South Dakota will play host to the yearly Sturgis Motorcycle Rally, with hundreds of thousands of bikers riding to the Mount Rushmore state amid rising concerns over a spike in coronavirus cases.

Thousands of bikers taking part in South Dakota’s annual 10-day Sturgis Motorcycle Rally will not be granted permission to pass through Cheyenne River Sioux checkpoints, a Native American group spokesperson said on Saturday.

​The move is meant to prevent access to native tribal sites during the rally but has put seven tribes that make up the Great Sioux Nation in conflict with federal and state authorities, which claim the checkpoints are illegitimate.

Cheyenne River tribal guidelines say that non-residents driving non-commercial out-of-state vehicles will not be allowed access to the reservation.

Up to 250,000 bikers from all over the country could show up to the event, amid fears of a new coronavirus outbreak.

A duty officer for the Cheyenne River Sioux said on Saturday while speaking to The Guardian, that only commercial and emergency vehicles will be given entry to the checkpoints on reservation land.

The restrictions have seen bikers who have attempted to gain access to the reservations in the region, including the Oglala Sioux, turned away, the officer said. 

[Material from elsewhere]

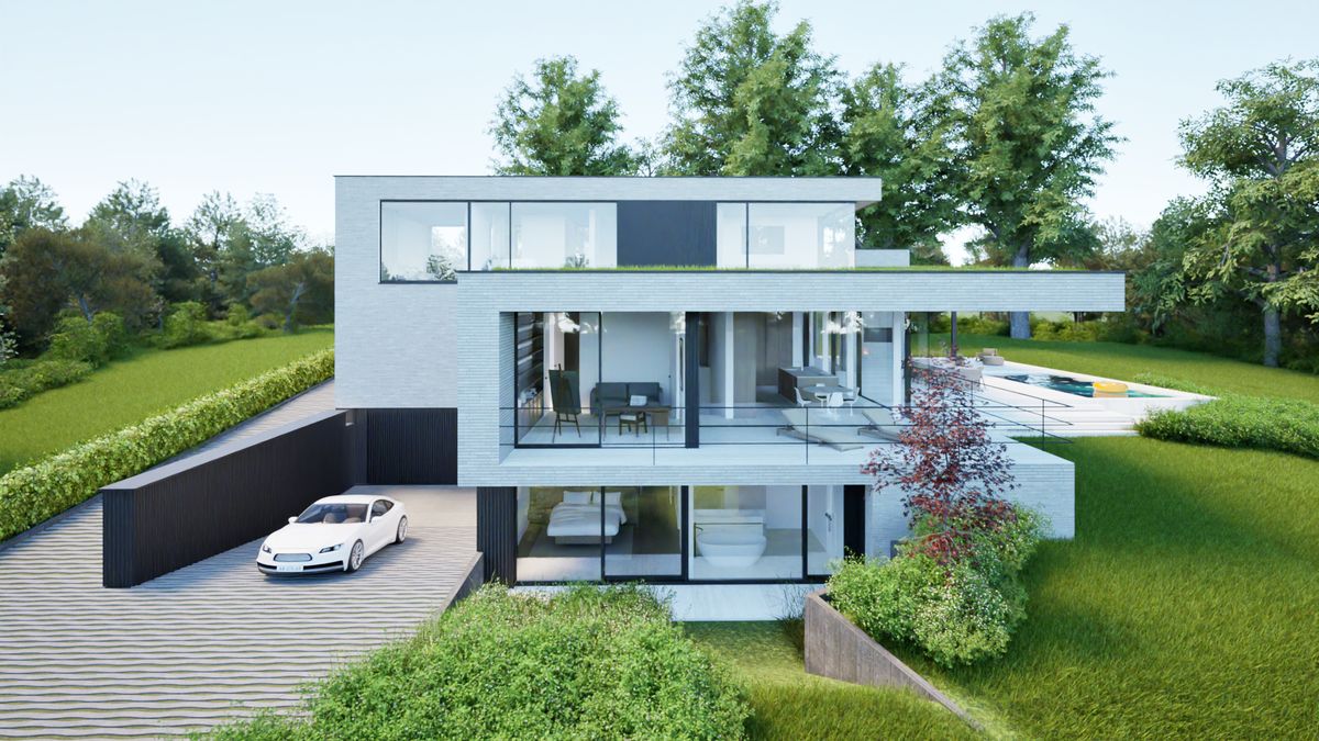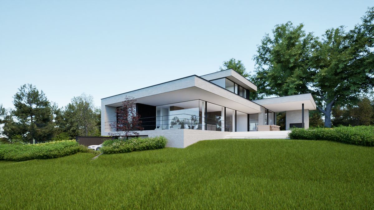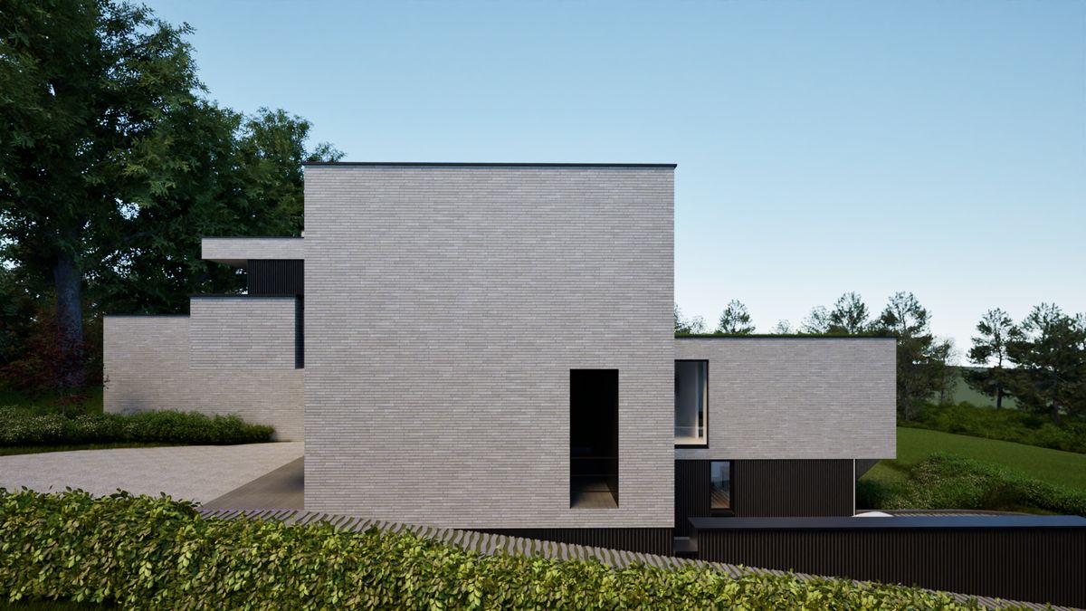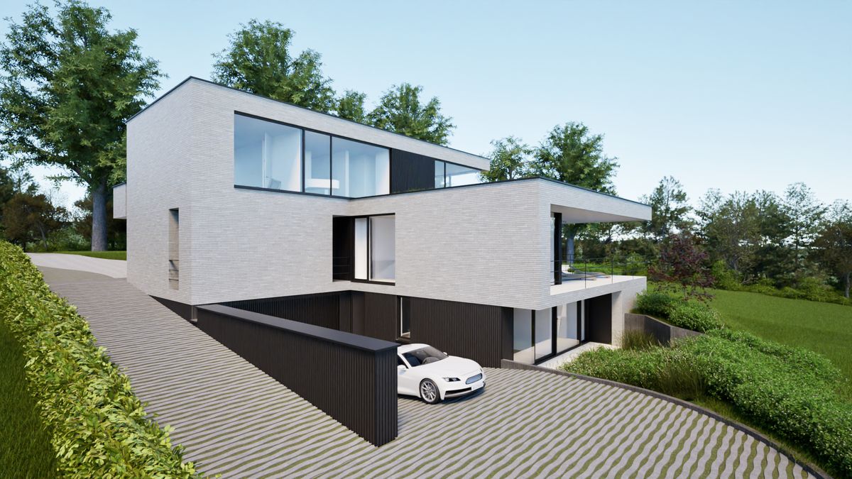 La façade avant, très dynamique en termes d’équilibre des volumes principaux et secondaires, se structure grâce à une arche élégante qui habille le carport. Celui-ci accueille un garage fermé et dessine une entrée couverte, éclairée devant la porte d’entrée d’une ouverture ronde dans le plafond. Étudié pour faciliter la vie quotidienne et la gestion des courses, l’imposant carport ouvre l’accès vers un garage qui mène directement à l’arrière-cuisine. Au nord, le pilier arrondi renforce encore la subtilité de l’articulation du bâtiment. L’angle ouest de la façade, vitré, permet de bénéficier d’un ensoleillement important, en particulier la lumière dorée de fin de journée. La pièce d’eau près de l’entrée appuie encore une esthétique tournée vers la nature de la villa

Local law enforcement have said that the bikers are coming from all directions and have openly defied the restrictions introduced amid the pandemic.

The rally is expected to see people packed into bars and clubs in open opposition to social distancing.

​The Republican governor of South Dakota, Kristi Noem, supports the Sturgis rally going ahead, saying that there were zero recorded cases of coronavirus from the thousands-strong crowd that saw President Donald Trump watch a fireworks display at Mount Rushmore in July.

However, 60% of Sturgis 6,900 residents said they wanted the rally to be canceled, a city council survey revealed in May

Last week, Oglala Sioux confirmed 163 cases and in Cheyenne River Sioux, the number of infections has risen to 79, the tribe’s website claims.

South Dakota currently ranks 38th in coronavirus deaths per capita, a Reuters tally says and cases have been rising in recent weeks.